# House rentals in Vancouver



## vishal7 (Nov 13, 2015)

Hi all,

Myself Vishal Chouhan from New Delhi, INDIA.
This is my first post on this forum.

I am a 9 years experienced Architect working at New Delhi.
I have got a job offer from an Architecture firm based at west georgia street, vancouver.
I was wondering if someone could help me out in reaching to the economy range accommodation as a monthly rental nearby my specific area. If any mate lives nearby, and also willing to share accommodation with me, you may please drop me a message.

Any and every message is welcome..

Regards
Vishal


----------



## colchar (Oct 25, 2011)

To work as an architect you must be licensed. Even if your education is considered equivalent to a Canadian education (it might not be), you will still need to be licensed.

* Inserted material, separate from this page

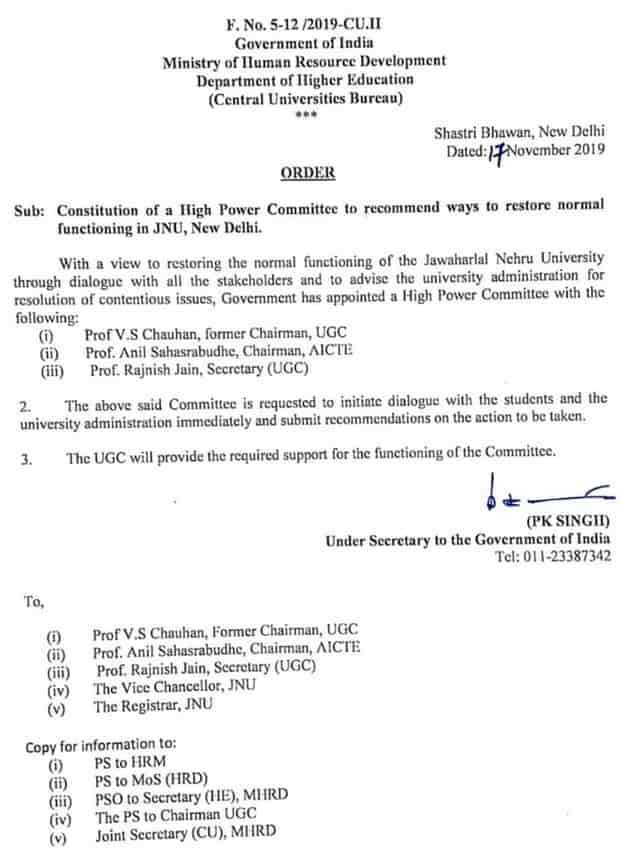 യുജിസി മുൻ ചെയർമാൻ പ്രൊഫ. വി എസ് ചൗഹാൻ, എഐസിടിഇ ചെയർമാൻ പ്രൊഫ. അനിൽ സഹസ്രബുദ്ധെ, യുജിസി സെക്രട്ടറി പ്രൊഫസർ രജനീഷ് ജയിൻ എന്നിവരാണ് ഉന്നതാധികാരസമിതി അംഗങ്ങൾ. നാളെ മാനവവിഭവശേഷി മന്ത്രാലയത്തിൽ വച്ച് നടക്കുന്ന ചർച്ചയിൽ പങ്കെടുക്കണമെന്ന് ജെഎൻയുഎസ്യു ചെയർമാൻ ഐഷി ഘോഷിന് ക്ഷണം ലഭിച്ചിട്ടുണ്ട്.

http://www.welcomebc.ca/welcome_bc/media/media-gallery/docs/occupationalguides/architect.pdf


As for housing, did you ever consider googling 'house rentals Vancouver'?


----------



## WestCoastCanadianGirl (Mar 17, 2012)

I can tell you that you will _not_ find a _house_ anywhere along West Georgia Street or anywhere in the Downtown core... it is all high rise apartment buildings and condominiums.

Have a look at this property management website (one of many in Vancouver) to get an idea of what rental prices are like in Vancouver. The areas selected in that search are within easy reach of West Georgia Street, meaning that you could walk to work or take the bus when the weather is bad.

This is another site for comparison.


You must realize that Vancouver is a) the most expensive city in Canada in which to live; b) is running out of space (the Pacific Ocean is to the west and the Coastal Mountains are to the east, which makes it difficult to expand); and c) has been facing a very low vacancy rate for years, and there is no end in sight.


If you want affordable housing, you are going to have to look _outside_ of Downtown Vancouver, where the commute into the city can take over an hour each way, every day... even then, the rental prices are going to be fairly steep.


----------